» Problem statement: The response should consist of the listing, repeated word for word.
+++ Materials provided
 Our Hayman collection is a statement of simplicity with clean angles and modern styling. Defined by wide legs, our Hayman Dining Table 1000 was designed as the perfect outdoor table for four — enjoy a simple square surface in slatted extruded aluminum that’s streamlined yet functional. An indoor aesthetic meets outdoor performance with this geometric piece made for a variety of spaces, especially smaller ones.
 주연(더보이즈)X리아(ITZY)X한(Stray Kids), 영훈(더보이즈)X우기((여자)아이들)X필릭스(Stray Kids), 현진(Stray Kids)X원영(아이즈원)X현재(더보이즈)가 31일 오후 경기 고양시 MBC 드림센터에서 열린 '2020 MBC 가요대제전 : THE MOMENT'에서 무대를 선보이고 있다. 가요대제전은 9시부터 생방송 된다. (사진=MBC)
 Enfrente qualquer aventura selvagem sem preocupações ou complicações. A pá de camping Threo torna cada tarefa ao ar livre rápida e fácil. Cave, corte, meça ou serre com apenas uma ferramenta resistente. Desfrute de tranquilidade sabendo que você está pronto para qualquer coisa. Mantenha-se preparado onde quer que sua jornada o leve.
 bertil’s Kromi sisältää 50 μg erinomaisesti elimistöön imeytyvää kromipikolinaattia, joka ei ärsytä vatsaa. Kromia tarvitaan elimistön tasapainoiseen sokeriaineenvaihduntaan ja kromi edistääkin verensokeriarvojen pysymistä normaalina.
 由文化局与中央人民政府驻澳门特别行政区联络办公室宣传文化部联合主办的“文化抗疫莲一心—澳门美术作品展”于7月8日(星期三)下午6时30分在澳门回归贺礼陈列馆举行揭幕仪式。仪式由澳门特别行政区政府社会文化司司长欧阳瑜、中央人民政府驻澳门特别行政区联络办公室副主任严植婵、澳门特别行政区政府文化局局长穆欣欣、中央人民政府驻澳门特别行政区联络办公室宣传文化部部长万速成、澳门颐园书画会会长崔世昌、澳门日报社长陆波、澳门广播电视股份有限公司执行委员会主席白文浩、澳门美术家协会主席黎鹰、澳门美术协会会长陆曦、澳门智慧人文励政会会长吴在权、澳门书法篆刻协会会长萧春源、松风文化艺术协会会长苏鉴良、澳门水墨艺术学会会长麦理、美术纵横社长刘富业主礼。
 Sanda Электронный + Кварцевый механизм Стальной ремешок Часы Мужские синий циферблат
++++++
» Result for this task:
 Our Hayman collection is a statement of simplicity with clean angles and modern styling. Defined by wide legs, our Hayman Dining Table 1000 was designed as the perfect outdoor table for four — enjoy a simple square surface in slatted extruded aluminum that’s streamlined yet functional. An indoor aesthetic meets outdoor performance with this geometric piece made for a variety of spaces, especially smaller ones.
 주연(더보이즈)X리아(ITZY)X한(Stray Kids), 영훈(더보이즈)X우기((여자)아이들)X필릭스(Stray Kids), 현진(Stray Kids)X원영(아이즈원)X현재(더보이즈)가 31일 오후 경기 고양시 MBC 드림센터에서 열린 '2020 MBC 가요대제전 : THE MOMENT'에서 무대를 선보이고 있다. 가요대제전은 9시부터 생방송 된다. (사진=MBC)
 Enfrente qualquer aventura selvagem sem preocupações ou complicações. A pá de camping Threo torna cada tarefa ao ar livre rápida e fácil. Cave, corte, meça ou serre com apenas uma ferramenta resistente. Desfrute de tranquilidade sabendo que você está pronto para qualquer coisa. Mantenha-se preparado onde quer que sua jornada o leve.
 bertil’s Kromi sisältää 50 μg erinomaisesti elimistöön imeytyvää kromipikolinaattia, joka ei ärsytä vatsaa. Kromia tarvitaan elimistön tasapainoiseen sokeriaineenvaihduntaan ja kromi edistääkin verensokeriarvojen pysymistä normaalina.
 由文化局与中央人民政府驻澳门特别行政区联络办公室宣传文化部联合主办的“文化抗疫莲一心—澳门美术作品展”于7月8日(星期三)下午6时30分在澳门回归贺礼陈列馆举行揭幕仪式。仪式由澳门特别行政区政府社会文化司司长欧阳瑜、中央人民政府驻澳门特别行政区联络办公室副主任严植婵、澳门特别行政区政府文化局局长穆欣欣、中央人民政府驻澳门特别行政区联络办公室宣传文化部部长万速成、澳门颐园书画会会长崔世昌、澳门日报社长陆波、澳门广播电视股份有限公司执行委员会主席白文浩、澳门美术家协会主席黎鹰、澳门美术协会会长陆曦、澳门智慧人文励政会会长吴在权、澳门书法篆刻协会会长萧春源、松风文化艺术协会会长苏鉴良、澳门水墨艺术学会会长麦理、美术纵横社长刘富业主礼。
 Sanda Электронный + Кварцевый механизм Стальной ремешок Часы Мужские синий циферблат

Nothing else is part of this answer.